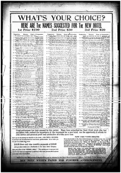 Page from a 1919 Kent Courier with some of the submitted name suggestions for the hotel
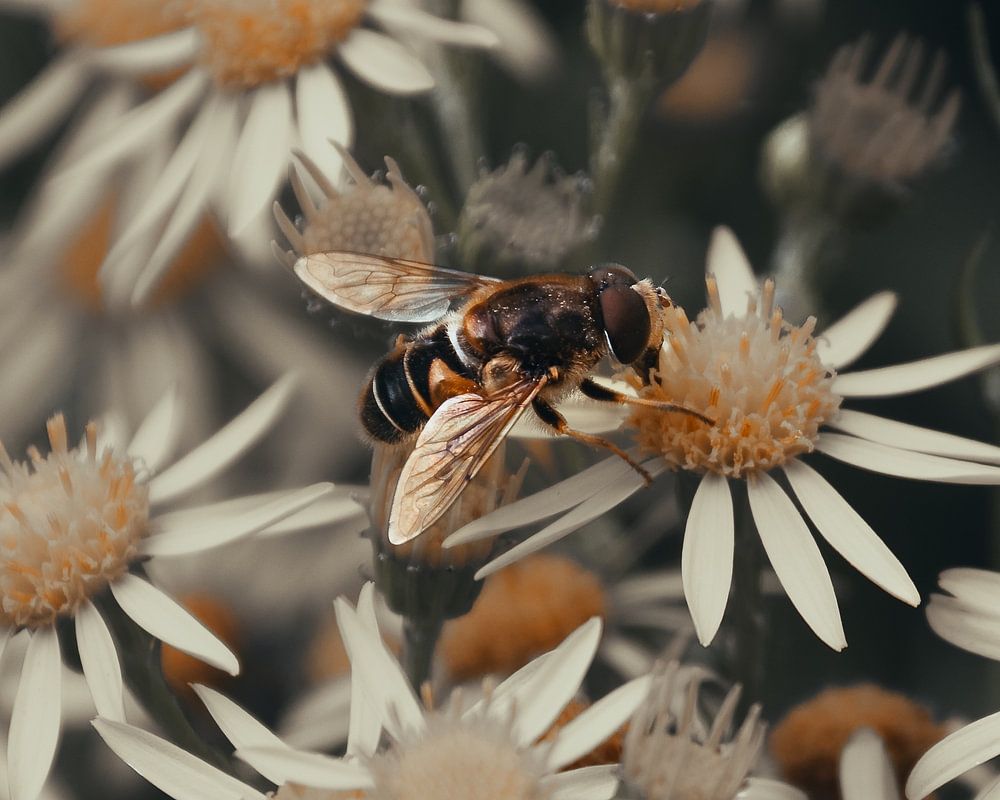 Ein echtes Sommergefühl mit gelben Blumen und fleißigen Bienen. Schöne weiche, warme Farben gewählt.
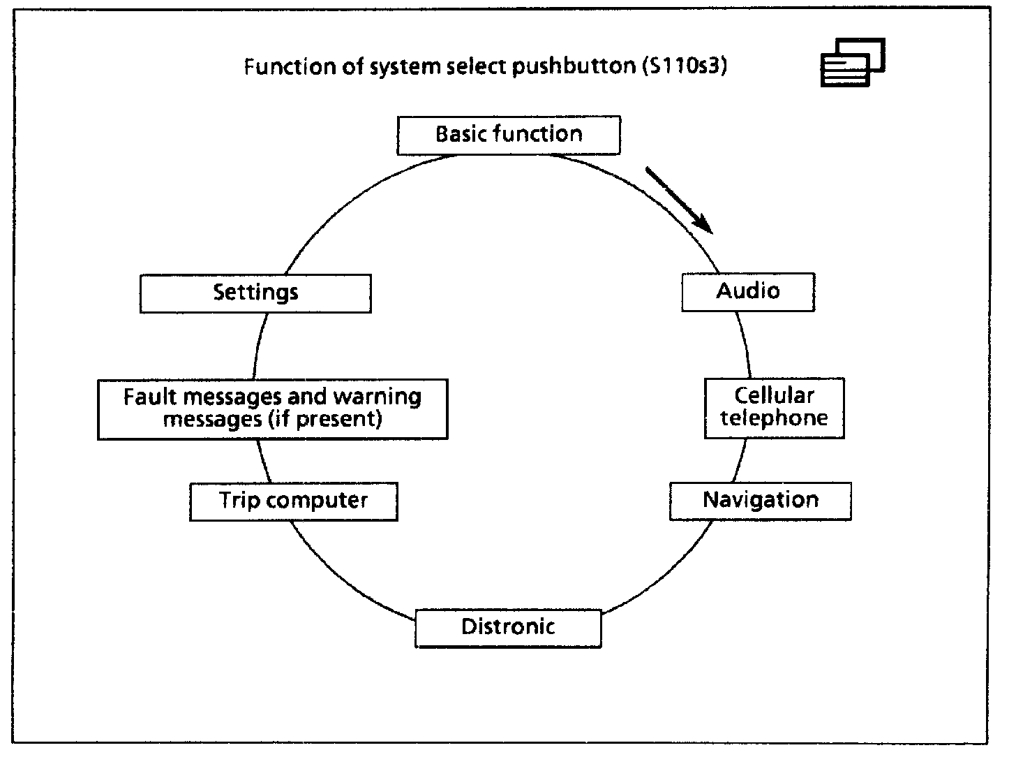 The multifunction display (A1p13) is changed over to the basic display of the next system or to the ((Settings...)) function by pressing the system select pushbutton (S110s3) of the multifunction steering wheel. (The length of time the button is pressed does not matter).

==

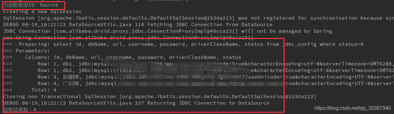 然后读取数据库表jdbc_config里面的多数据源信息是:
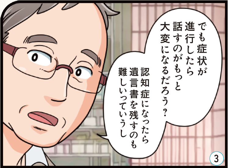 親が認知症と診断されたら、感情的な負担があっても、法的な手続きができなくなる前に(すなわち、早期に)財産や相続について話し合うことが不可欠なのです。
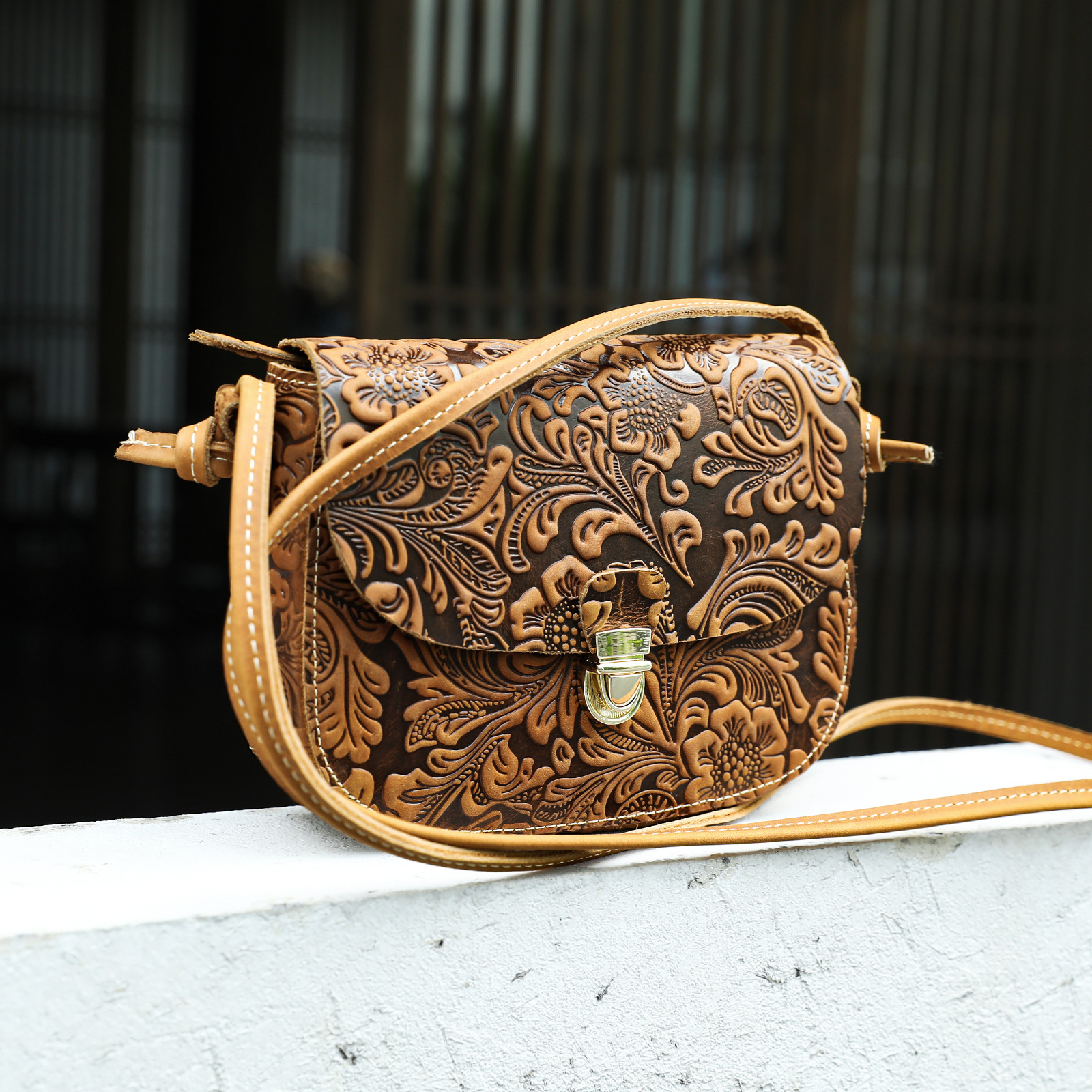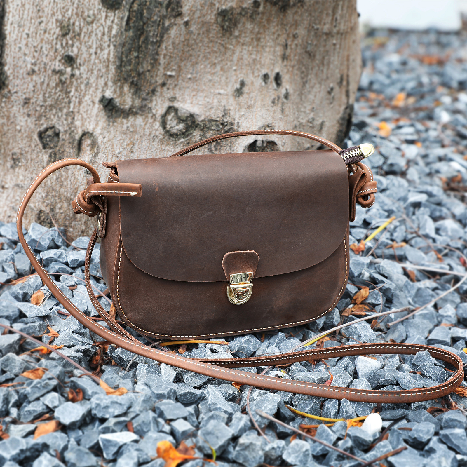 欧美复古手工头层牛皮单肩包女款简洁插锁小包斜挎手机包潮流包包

...

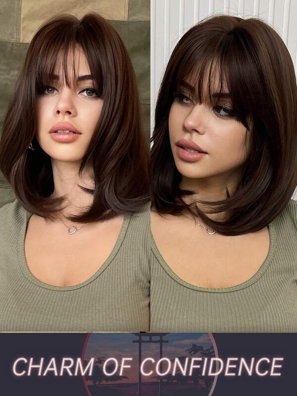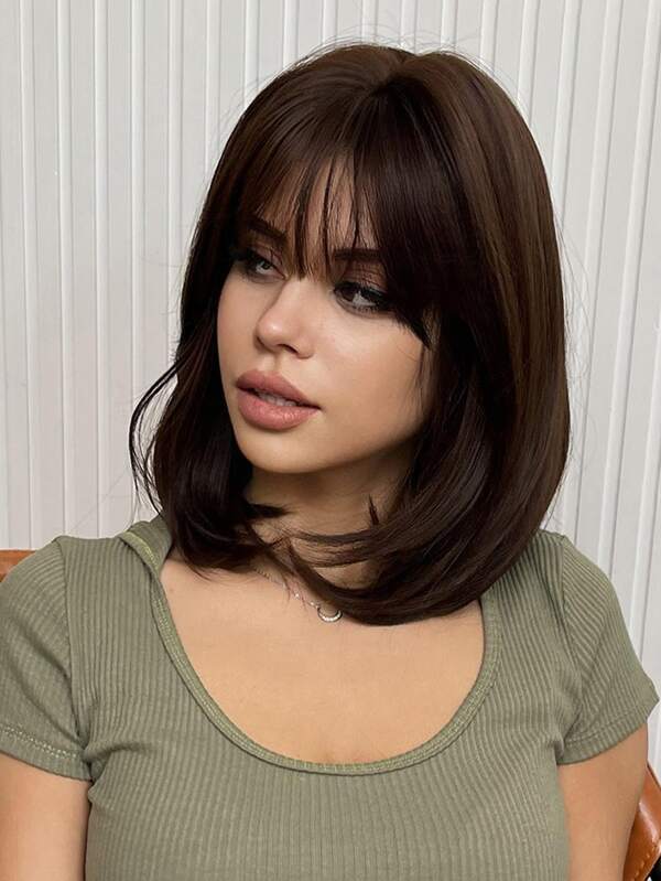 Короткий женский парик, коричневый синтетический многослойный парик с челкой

> WORK INSTRUCTION: Output only the lines above from the one containing "Ein echtes Sommergefühl" to the one containing "The multifunction display", both included, exactly as written and with no pictures.

> WRITTEN ANSWER:
 Ein echtes Sommergefühl mit gelben Blumen und fleißigen Bienen. Schöne weiche, warme Farben gewählt.
 The multifunction display (A1p13) is changed over to the basic display of the next system or to the ((Settings...)) function by pressing the system select pushbutton (S110s3) of the multifunction steering wheel. (The length of time the button is pressed does not matter).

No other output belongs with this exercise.